Listed entries:

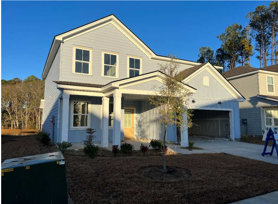
FRONT LEFT VIEW 01/20/2023

If using the Elevation Certificate to obtain NFIP flood insurance, affix at least 2 building photographs below according to the instructions for Item A6. Identify all photographs with date taken; "Front View" and "Rear View"; and, if required, "Right Side View" and "Left Side View." When applicable, photographs must show the foundation with representative examples of the flood openings or vents, as indicated in Section A8. If submitting more photographs than will fit on this page, use the Continuation Page.
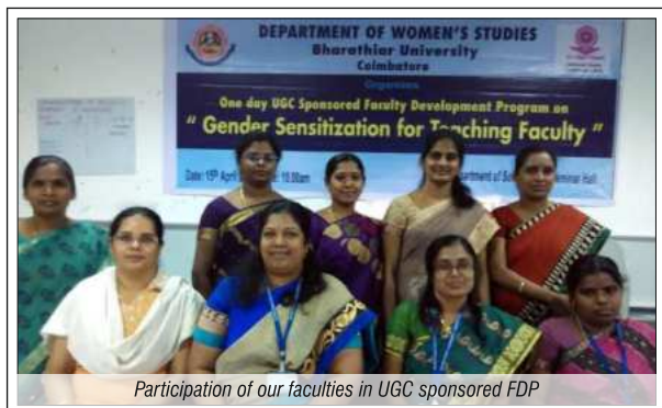
Participation of our faculties in UGC sponsored FDP
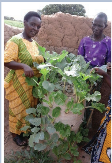
Figure 3: A Flourished spinach pocket garden in Ilolo village

garden do not need any additional economic resources, using only locally available planting materials and own labor. It can grow year round, thus ensuring a sustainable supply of vegetables, providing direct access to high quality vegetables that can be harvested, prepared and fed to household members, often daily.
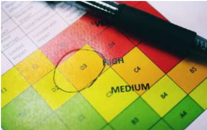
Fire Risk Assessments
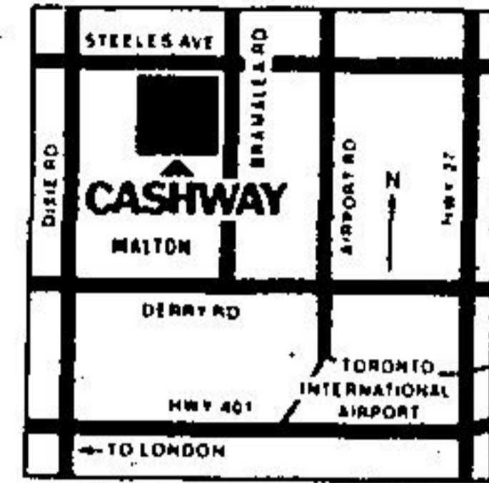
BRAMALEA/MALTON Bramalea Rd. At Steeles, 1 mile north of Airport.

41 CASHWAY CENTRES AT CONVENIENT LOCATIONS TO SERVE YOU WITH FAMOUS LOWER PRICES!
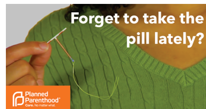
Image from a recent Planned Parenthood ad promoting IUDs.

remember to take a pill or pick up refills.
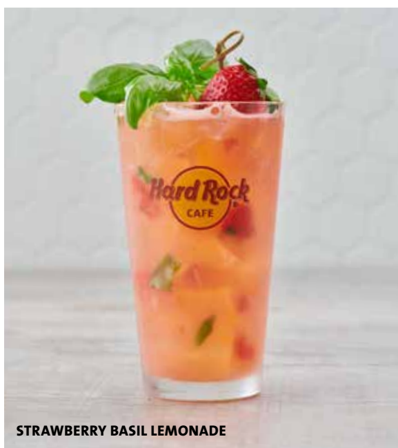
STRAWBERRY BASIL LEMONADE

A tropical blend of mangos, strawberries, pineapple juice, orange juice and house-made sour mix topped with lemon-lime soda. 73 DKK
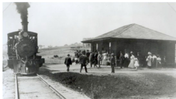
The first train arrived in 1908.

If you want to know more about this quirky little community we call El Granada, you have TWO chances this fall! You will learn about the early history of the area, the
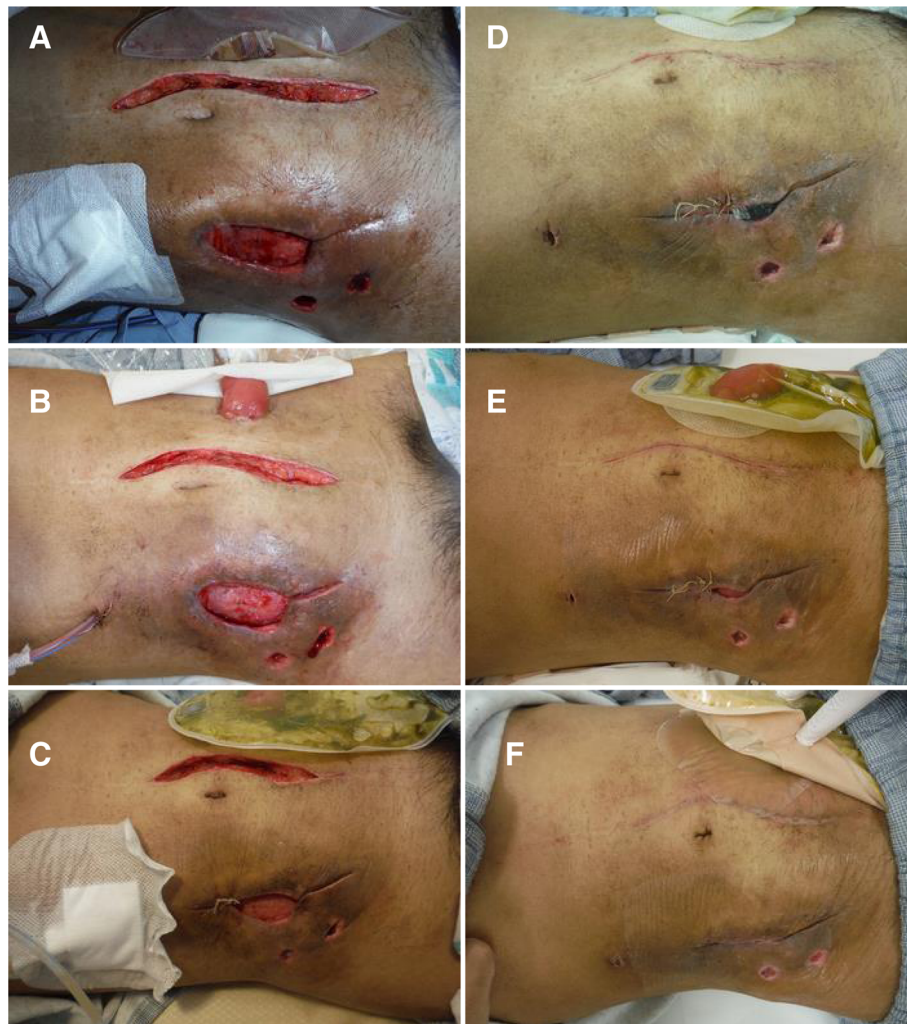
Fig. 2 Photographs of the wound. a NPWT was induced immediately after surgery. b POD 2. c POD 4. d POD 6. e POD 8. f The wound had closed completely on POD 14

primary skin closure, and surgeons need to respond promptly to troubles such as obstruction of the foam tube or bleeding. For the wound site is closed with dressing, once the bacteria proliferate in the wound site, the foam and drainage tube easily becomes obstructed and the condition of the wound site gets worse and this method rather promotes infection. In order to avoid complications, surgeons need to observe the wound site carefully and frequently. However, if appropriate countermeasures such as increasing the frequency of foam replacement are taken, these troubles can basically be overcome. In facilities that newly introduce NPWT, it is necessary to experience success cases with treatment for exudative wound and expand the indication gradually.
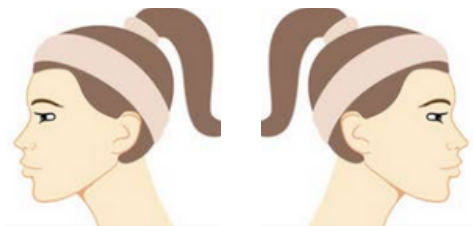
LEFT and RIGHT Eyes Forward
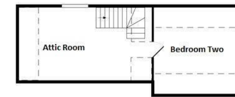
2ND FLOOR APPROX. FLOOR AREA 475 SQ. FT. (44.1 SQ. M.)
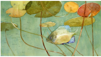
Doris Ettlinger, Blue Gil , watercolor
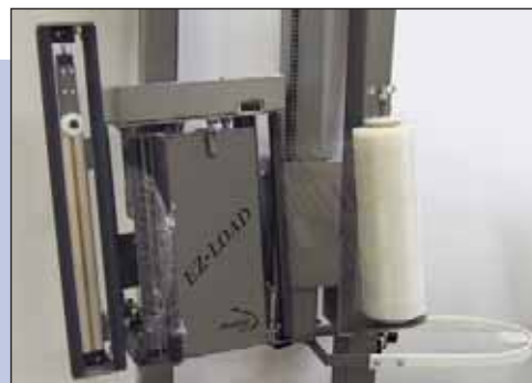
Standard Machine Carriage with Optional Pneumatic Roping Device
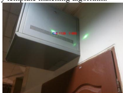
Figure2. Identifying the correct location of laser spot by Template Matching algorithm

Where the result array reaches its maximum, means that the most correlation is occurred there. Whatever the number is closer to one, the correlation is stronger. High correlation is a symptom of most similar shape to template. So by finding the corresponding coordinate to maximum value of the result array, the location of laser spot is found. So after eliminating errors of previous process, Figure 2 shows the right location of laser spot detected by template matching algorithm.
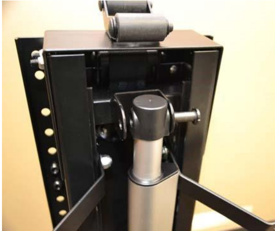
a. Install top locking pin

9. Line up the hole in the top of the actuator motor with the mount on the back of the Whisper Lift II body and install the top locking pin and cotter pin.
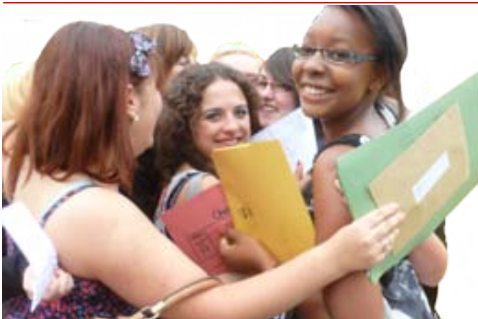
GCSE Results Day

Academy students gained record results in this year's GCSE exams.
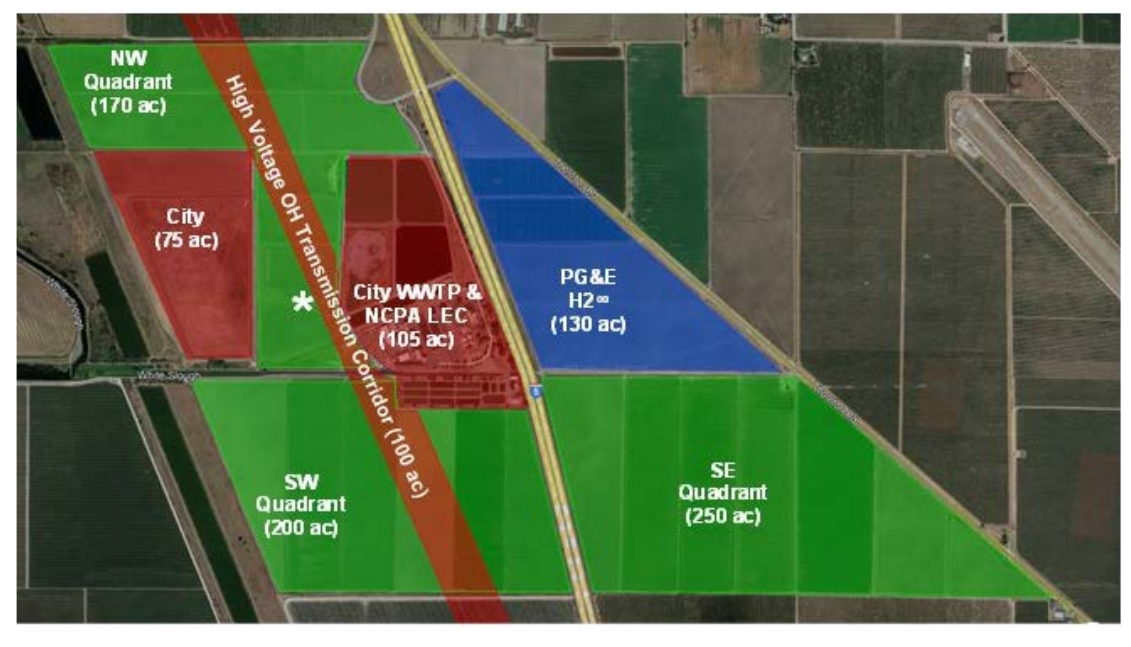
Figure 2 Aerial view of proposed Project site
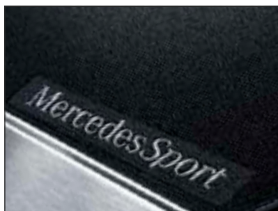
Velour MercedesSport mats High-quality sporty look, black with contrasting stitching. MercedesSport lettering on front mats. Set of 4
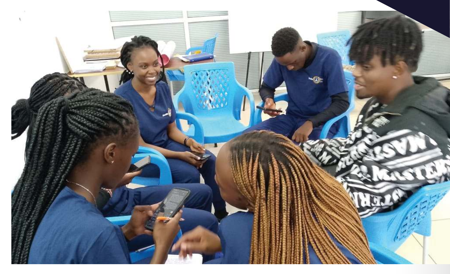
OUR TRAINEES IN THEIR DISCUSSION GROUPS: FOSTERING TEAM WORK AND COLLABORATION
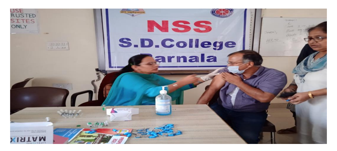
Glimpses of "COVID Vaccination Drive Camp-V" on 14th August, 2021
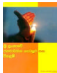
Sama Kriyawaalia Pilibanda Vimasumak (A collection of views on the Peace Process)

http://www.cpalanka.org/research_papers/PCI_17_topline_results.pdf
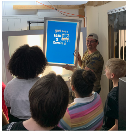
Magic! Creating the screen.
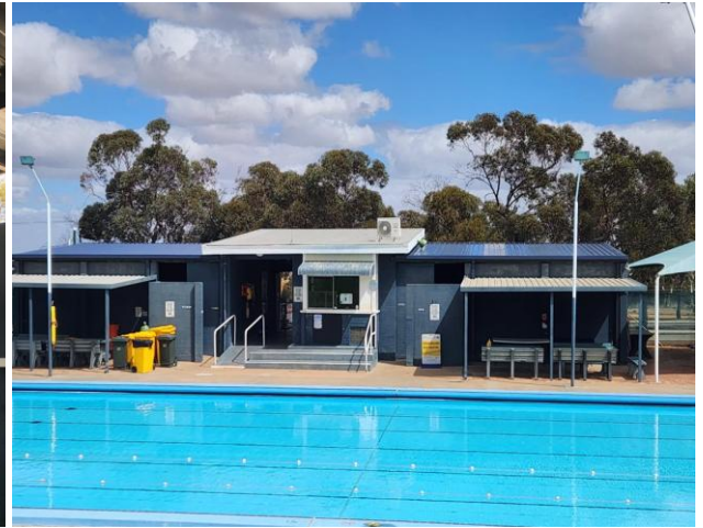
Photo: Swimming Pool Changerooms Cover
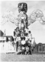
Students and Totem pole at St. Michael's School, Alert Bay (13a-c002177-d0059-001)
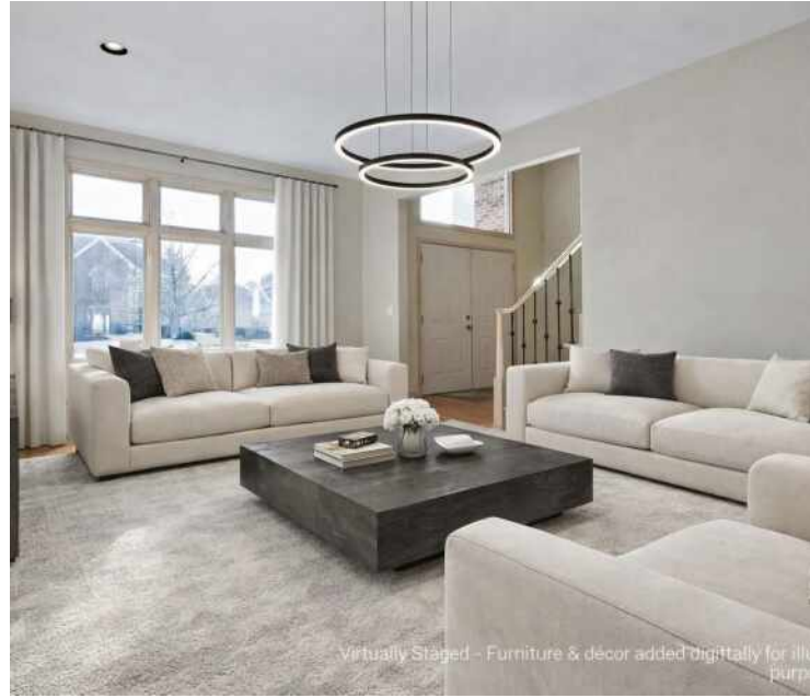
Virtually Staged - Furniture & décor added digitally for illustrative purposes
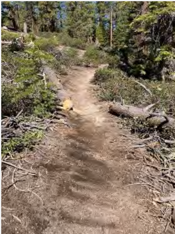
Clear Creek Trail-Before and after
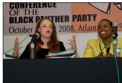
Kathleen Cleaver and Cynthia McKinney
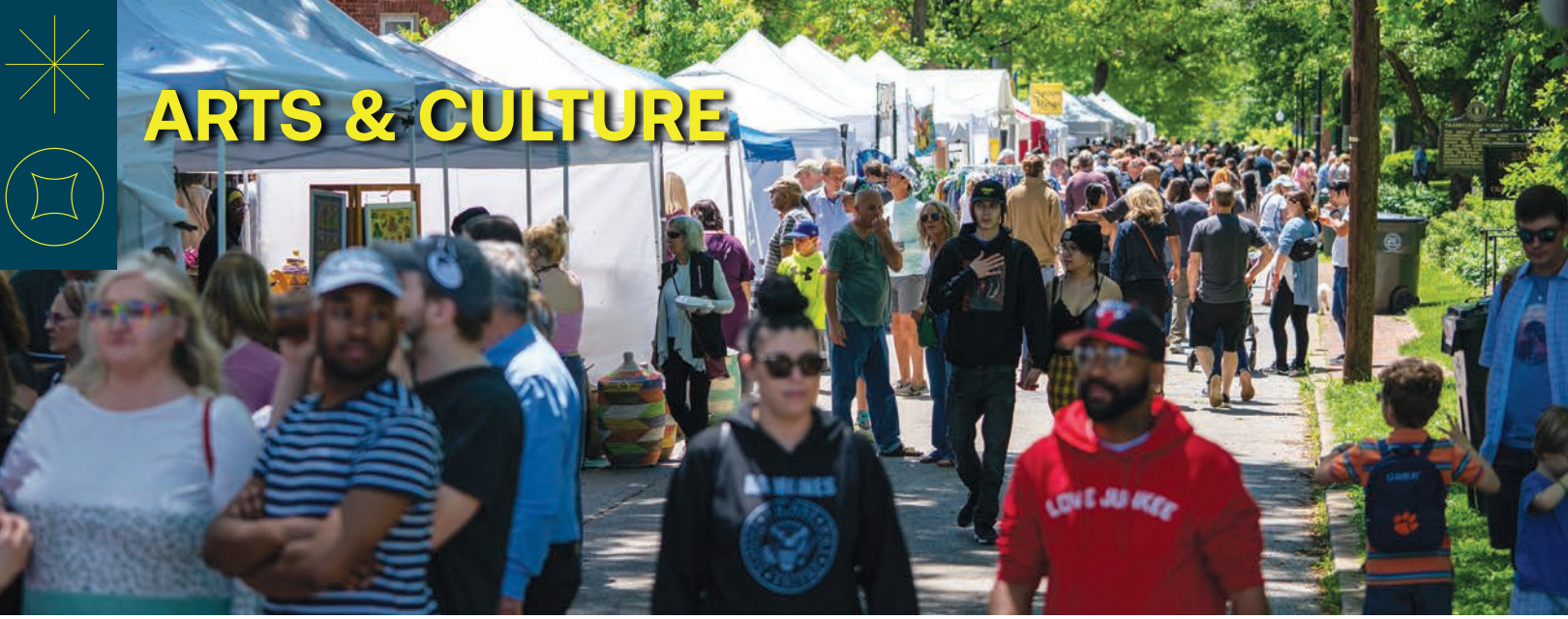
Mayfest Arts Fair (May 11-12, 2024) is a juried art fair with a focus on a casual, family-friendly atmosphere. Included are up to 100 Artist Vendors, performances by musicians, dancers, strolling performers, food concession vendors, and family activities.

Whether you're in the mood for great musicals, national and international museum exhibits, art galleries, charming children's productions, outdoor performances, or touring Broadway plays, Lexington hosts a variety of arts and cultural opportunities that fit many interests. Leading the way for the advancement of the arts locally is LexArts, Lexington's cultural development, advocacy and fundraising organization. LexArts provides a wide range of programs and services designed to integrate the arts into our community. Through its annual Fund for the Arts, LexArts raises millions of dollars in support of local arts and distributes general operating support to its partner organizations, as well as offering competitive special project and programming grants to other arts organizations in the area.
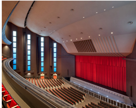
LILA COCKRELL THEATRE San Antonio, TX
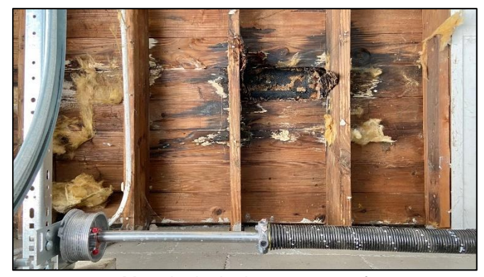
More leaks in the garage roof

The house at 109 Pleasant Street was demolished the week of 9/4/23.
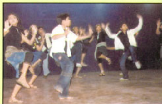
Bubbling with joy-Our students in the Valedictory Function of the L.A.
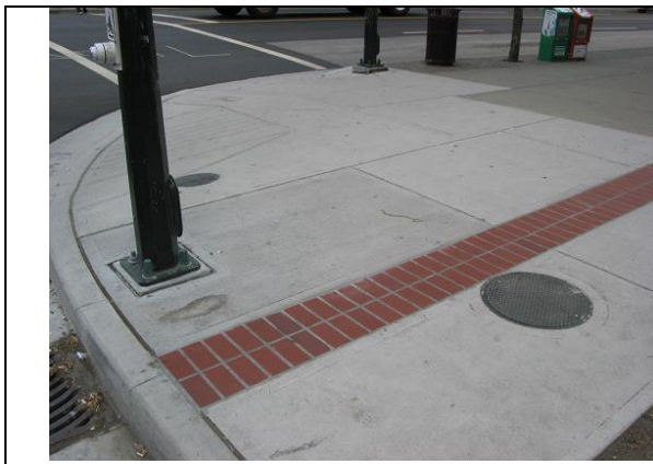
Figure 3 - Decorative Highlight Pavers
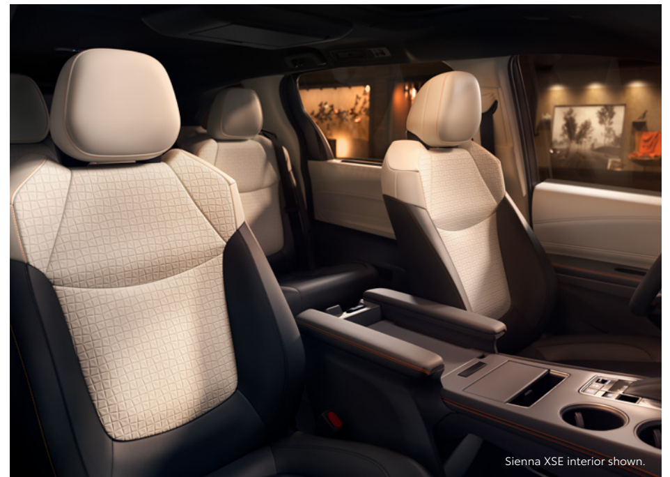
Sienna XSE interior shown.
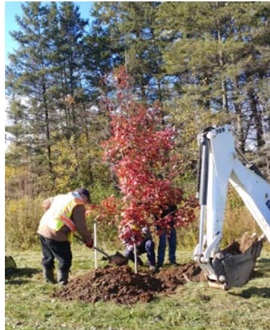
Tree planting at Floyd's town park.

While Boonville was able to complete their salt storage just in time for winter, the town of Floyd continued efforts to complete improvements at the town park including tree planting through round 13 of DEC's Urban and Community tree planting program. Along with the town's match, about $30,000 in grant funding allowed for the purchase of 128 trees and associated supplies for its town park. The town is building a walking trail at the park in a relatively open field and it wished to plant 118 shade trees along the path to increase user safety, improve and enhance wildlife habitat and improve soil and air quality. Ten trees will be planted at areas in the already developed parts of the park.
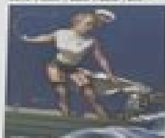
A Pin-Up Girl in a Swimsuit 1950, Gil Elvgren, Pin-up Art
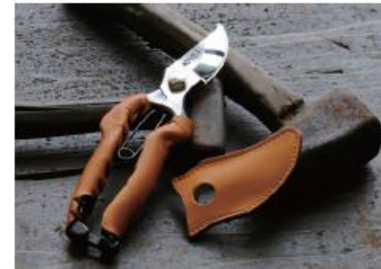
YP2-K YP200 Leather-upholstered Length 20cm Weight 232g Real leather wraps the handle tightly, which enables perfect fitting your hand and warm touch
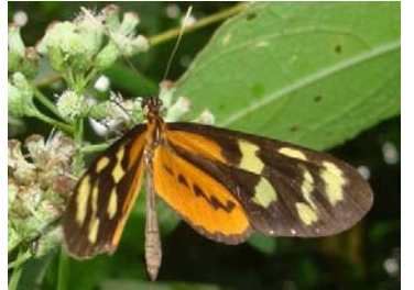
17 Mechanitis lysimnia elisa MECHANITINI
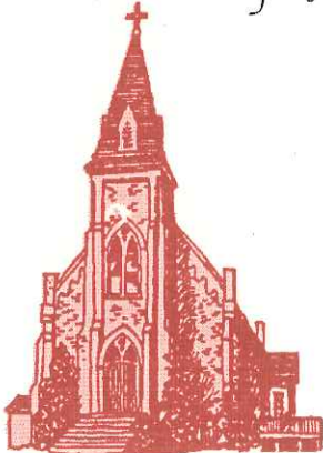
ST. FRANCIS XAVIER, TOTTENHAM EST. 1885
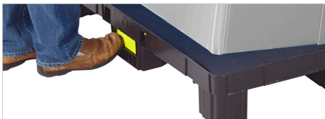
Proprietary pallet latch automatically locks sleeve to pallet. Release is foot operated from standing position

Exercise prompt: When a line in the listing has the word "locking", return that line.

Problem solution:
a. Install top locking pin
9. Line up the hole in the top of the actuator motor with the mount on the back of the Whisper Lift II body and install the top locking pin and cotter pin.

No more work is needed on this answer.